▶ [MATERIALS PROVIDED]
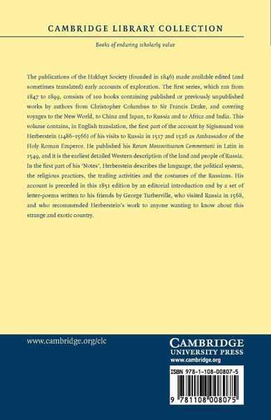 The publications of the Hakluyt Society (founded in 1846) made available edited (and sometimes translated) early accounts of exploration. The first series, which ran from 1847 to 1899, consists of 100 books containing published or previously unpublished works by authors from Christopher Columbus to Sir Francis Drake, and covering voyages to the New World, to China and Japan, to Russia and to Africa and India. This volume contains the first part of the account by Sigismund von Herberstein (1486-1566) of his visits to Russia in 1517 and 1526 as Ambassador of the Holy Roman Emperor. He published his Rerum Moscoviticarum Commentarii in Latin in 1549, and it is the earliest detailed Western description of the land and people of Russia. It is preceded in this 1851 translation by a set of letter-poems written to his friends by George Turberville, who visited Russia in 1568.
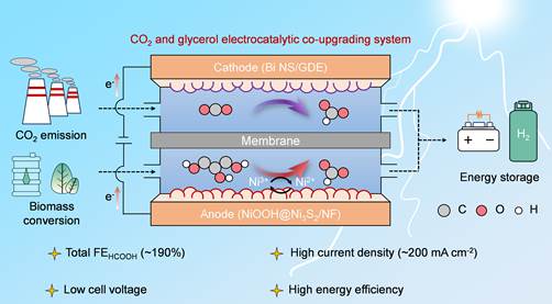 45. Dingwen Chen,+ Siheng Yang,+ Jing Gao,+ Xuan Zheng, Jiawei Mao, Qinyuan Hu, Xiaohan Sun, Li Ji, Xueli Zheng, Haiyan Fu, Weichao Xue, Hua Chen, Shuang Li, Chong Cheng, Jing Peng, Xingchen Jiao, Ruixiang Li,* Michael Grätzel,* Jiaqi Xu*. Electrochemical Co-upgrading CO2 and Glycerol for Selective Formate Production with 190% Overall Faradaic Efficiency under High Current Density. Nano Res. 2025, 18, 94907399.
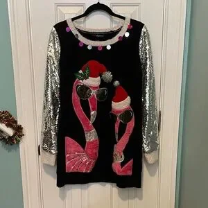 Celebrate the holidays in style with this festive flamingo sweater. Featuring vibrant pink flamingos and shimmering silver sleeves, it's perfect for adding a touch of fun to your wardrobe.
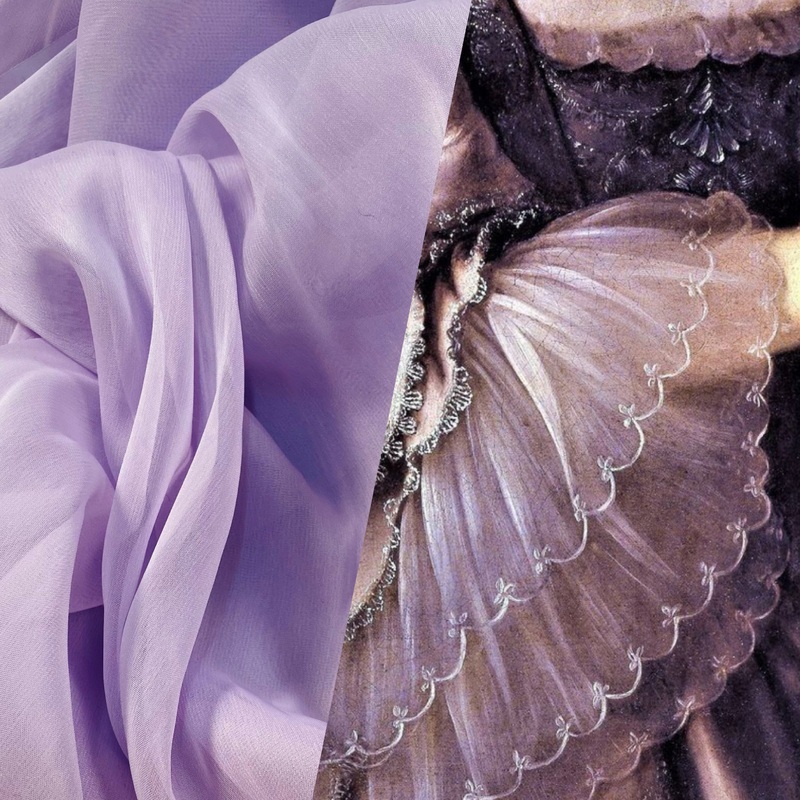 A gorgeous Silk and Poly blend Chiffon Fabric in Lavender. Sheer. 55 Wide.
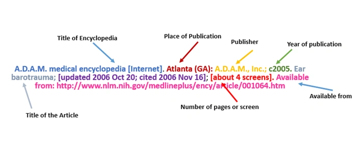 | Title of encyclopedia. Place of publication: Name of Publisher; year. Title of article; [updated YYYY Mon DD; cited YYYY Mon DD]; [# of pages or screens]. Available from: URL |
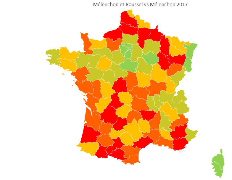 Je mets la carte qui compare Mélenchon et Roussel avec Mélenchon 2017 mais peu de choses bougent. Tout au plus quelques départements du centre de la France comme l'Allier et la Corrèze sous-votent un peu moins pour l'ensemble Mélenchon/Roussel que pour Mélenchon seul.

▶ [REQUIRED ACTION]
With the pictures left out, copy exactly the lines from the one containing "A gorgeous Silk" through the final line of the records above, both included.

▶ [ANSWER SPACE]
 A gorgeous Silk and Poly blend Chiffon Fabric in Lavender. Sheer. 55 Wide.
 | Title of encyclopedia. Place of publication: Name of Publisher; year. Title of article; [updated YYYY Mon DD; cited YYYY Mon DD]; [# of pages or screens]. Available from: URL |
 Je mets la carte qui compare Mélenchon et Roussel avec Mélenchon 2017 mais peu de choses bougent. Tout au plus quelques départements du centre de la France comme l'Allier et la Corrèze sous-votent un peu moins pour l'ensemble Mélenchon/Roussel que pour Mélenchon seul.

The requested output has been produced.